Fathia Nkrumah was a young mother of three children when her husband was toppled in Ghana’s first successful military coup d’état on February 24, 1966, leaving her to care for her children.

She was forced to relocate her children to Cairo, where they would be raised while her husband was in exile in Guinea.

Her children have all gone on to have successful careers in the political field. From 2011 to 2015, her daughter, Samia Nkrumah, served as the chairperson of the Convention People’s Organization (CPP), the Ghanaian political party founded by her father.

Death: Is Fathia Nkrumah alive?

She passed away on May 31, 2007, in Badrawy Hospital in Cairo, following a period of sickness. Fathia had suffered a stroke earlier that day.
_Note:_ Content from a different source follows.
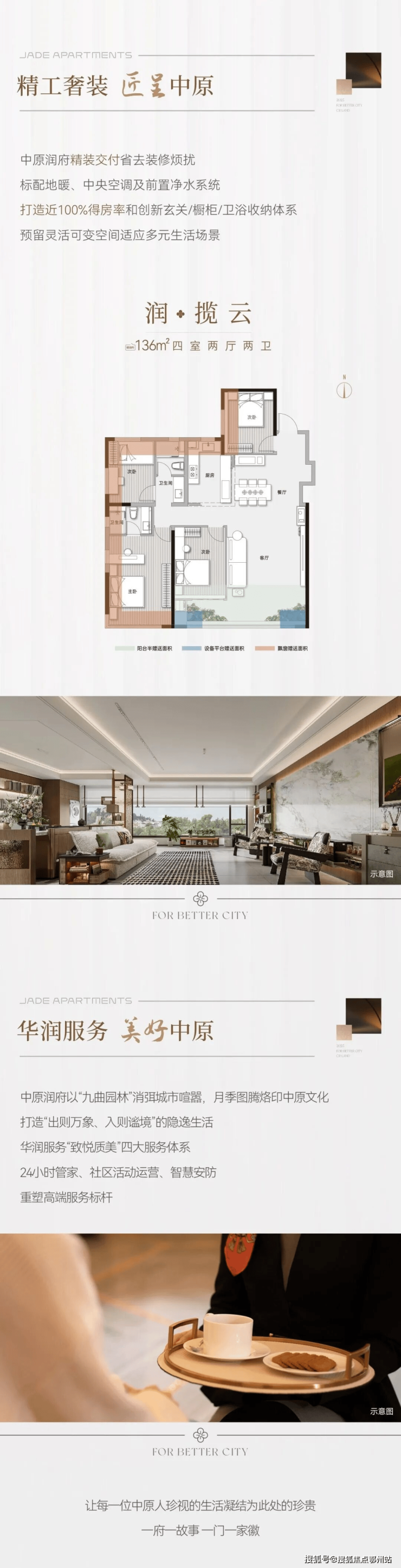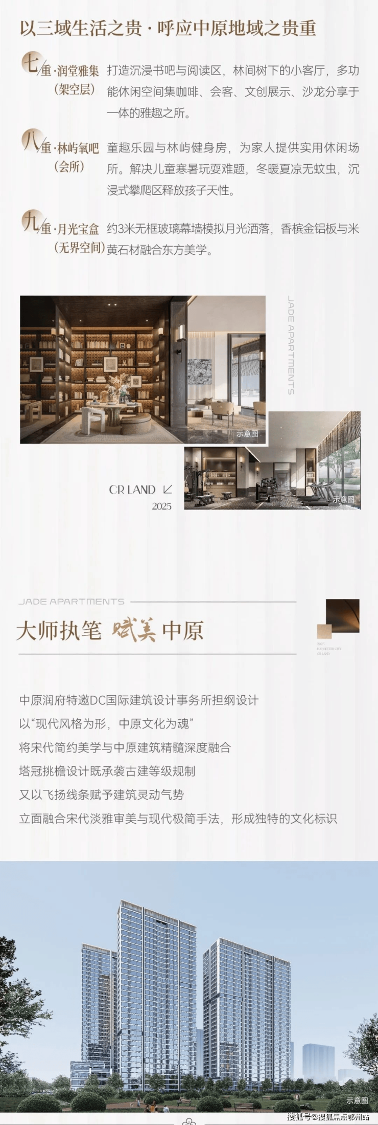 当“好房子”成为行业共识,当“安全、舒适、绿色、智慧”成为发展方向。华润置地积极回应国家好房子策略,推出“三好十二优”好房子建设标准,中原润府项目更是请来国内顶流设计团队世尊+LSD联手操刀,对标一线豪宅水准:

On June 1, 2007, Pope Shenouda III officiated at a memorial service in the Coptic Orthodox Cathedral Church in Cairo, where she was laid to rest. Her body remains were then flown to Ghana for a state funeral at the State House, after which she was interred next to her husband at the Kwame Nkrumah Memorial Park, in accordance with her “lifelong request.”

Kwame Nkrumah’s children

Fathia Nkrumahgave birth to three children during their marriage: Gamal (born 1959), Samia (born 1960), and Sekou (born 1962). (born 1963). Gamal works as a journalist for a newspaper, whereas Samia and Sekou are politicians.

Gamal Gorkeh Nkrumah

A Ghanaian journalist and Pan-Africanist, Gamal Gorkeh Nkrumah (born 1959) serve as the editor of Al Ahram Weekly, a weekly publication published in Egypt. The eldest of the Nkrumahs’ three sons, he is the son of Ghana’s first president, Kwame Nkrumah, and his Egyptian wife, Fathia Nkrumah.

He got his doctorate in political science from the School of Oriental and African Studies in London, where he had been studying since his childhood. He began his career as a political writer at Al-Ahram Weekly in Cairo, where he stayed for more than 10 years.

Samia Yaba Christina Nkrumah

Samia Yaba Christina Nkrumah was born on the 23rd of June, 1960, in Accra, Ghana. She is a politician in Ghana who serves as the chairman of the Convention People’s Party (CPP). She won the Jomoro constituency seat in the 2008 parliamentary election on her first attempt. She is the daughter and the second child of Kwame Nkrumah.

Sekou Nkrumah

Sekou Nkrumah is the youngest of Kwame Nkrumah’s children.

He was given this name in honor of Sekou Toure, the President of Guinea and a close friend of Kwame Nkrumah.

Sekou received his education at Achimota School in Romania as well as the University of Bucharest. He married a Romanian woman during his time there.